### Problem
Reproduce word for word every line from the one containing "ValueLights Torbery Set" to the final line of the data below; omit the pictures.
*** Data shown ***
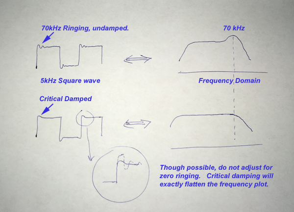 - Adjustment with an oscilloscope. I will replace the hand sketch by an oscilloscope pictures later.
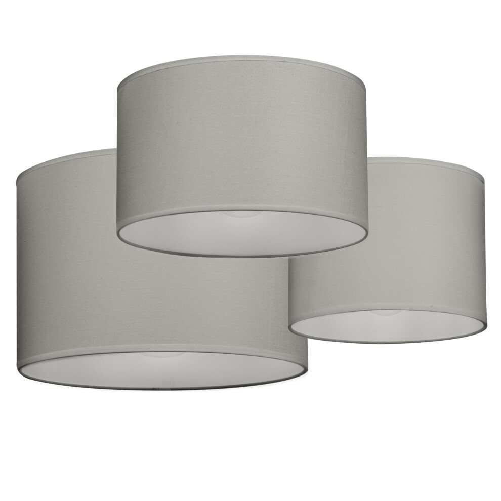 ValueLights Torbery Set of 3 Nesting Easy Fit Ceiling Light Lamp Shades with Bulbs in Light Grey
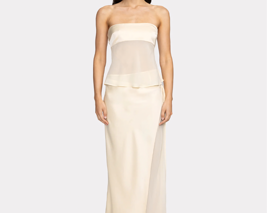 Step into refined drama with the Fideline Ivory Sheer Gown — a strapless showpiece designed to flow like poetry in motion. Featuring translucent layering, sculpted draping, and a daring thigh-high slit, this gown captures light and silhouette with subtle sensuality. Whether you're attending a candlelit event or walking into an opulent celebration, Fideline promises a vision that lingers.
*** End of Data shown ***
### Output of the task
 ValueLights Torbery Set of 3 Nesting Easy Fit Ceiling Light Lamp Shades with Bulbs in Light Grey
 Step into refined drama with the Fideline Ivory Sheer Gown — a strapless showpiece designed to flow like poetry in motion. Featuring translucent layering, sculpted draping, and a daring thigh-high slit, this gown captures light and silhouette with subtle sensuality. Whether you're attending a candlelit event or walking into an opulent celebration, Fideline promises a vision that lingers.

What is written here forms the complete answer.